Throughout all of 1991 Quinn billed and was paid for its services on a pro rated, lump sum basis, per the schedule of values set forth in paragraph 11.2.2 and under the provisions of paragraph 10.3.2 of the contracts as revised in December 1988. During this period, miscellaneous additional services were also billed by Quinn and paid by the Town.

In November of 1991, Quinn submitted to the Town three service estimate work sheets, one for each of the remaining projects (the high school was essentially complete). These were requested by the Town to provide a projection of Quinn's fees in the event Quinn's services were extended on an hourly basis following the expiration of the contract on December 22, 1991. Quinn's estimates of the hourly cost to complete the three remaining projects after the expiration of the contract CT Page 4763 amounted to an increase in the contract prices for construction administration services of about 45% or $166,535.00.

These estimates were unacceptable to the building committee and revised estimated work sheets specifying the services that were to be included were submitted. These would have exceeded the contract price by approximately $104,000.00 and also were unacceptable and on December 23, 1991 the Town advised Quinn that it was soliciting price quotes from other architectural firms to complete the project and finally on January 10, 1992, the Town notified Quinn in writing that the contract would not be extended and that the Town was going to hire a substitute architect to complete the projects. The Town requested a final bill for services rendered.

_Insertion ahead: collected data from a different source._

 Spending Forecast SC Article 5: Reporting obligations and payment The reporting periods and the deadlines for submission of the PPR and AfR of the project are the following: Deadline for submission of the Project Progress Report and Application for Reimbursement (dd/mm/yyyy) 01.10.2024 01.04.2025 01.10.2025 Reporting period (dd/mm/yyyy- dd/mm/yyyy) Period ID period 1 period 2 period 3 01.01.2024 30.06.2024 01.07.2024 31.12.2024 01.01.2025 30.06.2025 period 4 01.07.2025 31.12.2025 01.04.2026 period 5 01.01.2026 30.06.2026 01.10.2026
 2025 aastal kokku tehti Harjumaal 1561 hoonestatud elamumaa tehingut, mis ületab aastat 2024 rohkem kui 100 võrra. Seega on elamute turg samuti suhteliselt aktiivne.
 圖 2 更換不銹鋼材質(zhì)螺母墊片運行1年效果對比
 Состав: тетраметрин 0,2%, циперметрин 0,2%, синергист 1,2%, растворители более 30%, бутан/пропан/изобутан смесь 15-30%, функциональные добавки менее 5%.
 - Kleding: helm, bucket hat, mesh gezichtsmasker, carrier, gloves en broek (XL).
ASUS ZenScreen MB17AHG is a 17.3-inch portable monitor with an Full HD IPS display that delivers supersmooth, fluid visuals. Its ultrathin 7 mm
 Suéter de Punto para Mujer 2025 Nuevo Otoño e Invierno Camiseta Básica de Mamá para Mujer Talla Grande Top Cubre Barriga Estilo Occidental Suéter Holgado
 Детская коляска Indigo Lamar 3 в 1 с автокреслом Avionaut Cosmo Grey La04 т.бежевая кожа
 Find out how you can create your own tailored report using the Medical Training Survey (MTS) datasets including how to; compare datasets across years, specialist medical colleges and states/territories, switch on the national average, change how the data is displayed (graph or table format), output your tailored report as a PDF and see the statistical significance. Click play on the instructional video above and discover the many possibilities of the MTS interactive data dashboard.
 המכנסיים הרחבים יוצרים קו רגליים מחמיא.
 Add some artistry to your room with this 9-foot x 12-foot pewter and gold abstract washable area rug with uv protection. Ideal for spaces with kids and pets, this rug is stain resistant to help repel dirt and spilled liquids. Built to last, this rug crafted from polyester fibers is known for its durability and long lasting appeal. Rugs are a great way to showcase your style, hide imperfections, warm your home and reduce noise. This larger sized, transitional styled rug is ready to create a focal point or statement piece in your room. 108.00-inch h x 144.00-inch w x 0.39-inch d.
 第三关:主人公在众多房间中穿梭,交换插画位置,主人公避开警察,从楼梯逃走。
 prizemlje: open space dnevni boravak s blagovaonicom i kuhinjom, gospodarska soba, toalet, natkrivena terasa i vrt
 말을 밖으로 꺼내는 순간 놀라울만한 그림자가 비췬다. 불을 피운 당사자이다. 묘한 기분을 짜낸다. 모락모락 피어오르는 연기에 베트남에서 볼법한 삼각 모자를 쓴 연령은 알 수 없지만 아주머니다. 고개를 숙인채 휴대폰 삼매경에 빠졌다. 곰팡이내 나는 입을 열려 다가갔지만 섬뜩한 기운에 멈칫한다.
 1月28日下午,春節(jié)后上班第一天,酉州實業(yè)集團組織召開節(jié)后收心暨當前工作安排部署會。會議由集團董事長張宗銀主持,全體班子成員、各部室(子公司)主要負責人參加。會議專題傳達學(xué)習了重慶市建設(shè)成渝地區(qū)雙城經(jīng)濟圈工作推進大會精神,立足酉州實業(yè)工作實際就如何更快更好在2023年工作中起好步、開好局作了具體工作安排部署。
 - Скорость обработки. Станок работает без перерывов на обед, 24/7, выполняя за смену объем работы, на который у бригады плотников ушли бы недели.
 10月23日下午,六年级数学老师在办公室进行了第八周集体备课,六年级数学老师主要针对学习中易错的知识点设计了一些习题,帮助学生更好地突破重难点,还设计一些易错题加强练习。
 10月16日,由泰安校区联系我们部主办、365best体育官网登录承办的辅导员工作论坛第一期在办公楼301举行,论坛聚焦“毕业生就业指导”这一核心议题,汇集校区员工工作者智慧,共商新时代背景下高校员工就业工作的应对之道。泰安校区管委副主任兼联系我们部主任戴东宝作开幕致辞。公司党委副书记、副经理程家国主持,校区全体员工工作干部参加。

In a letter dated February 6, 1992, Quinn, through its attorney, submitted a final billing for three projects covering the period from January 1991 through January 1992 without reconciling the amounts billed for services through December 1991 against the amounts paid by the town for these billings. For the fourth project, Center Elementary, as to which construction did not begin under Quinn, it sought a "scope change" of $21,631.90.

The town responded to Quinn with a reconciliation of accounts which arrived at the conclusion that the town owed, and still acknowledges that it owes, Quinn $15,392.81.

It is the opinion of this Court that it was the intention of the parties to extend the operative period of the contract from two to three years until the end of December 1991. Through failure to change the date on the contract, a literal reading of same raised a question as to the termination date but this question was resolved by the parties through the correspondence entered into between them with respect to the completion date. There was a meeting of the minds and both parties agreed that the contract would terminate in December of 1991.

Therefore, judgment may enter for the defendant on the plaintiff's revised complaint except as to the sum of $15,393.00 which the defendant admits that it owes to the plaintiff. The final disposition of that sum is to be determined in the second phase of this case which will be the CT Page 4764 action with respect to the setoffs and counterclaims.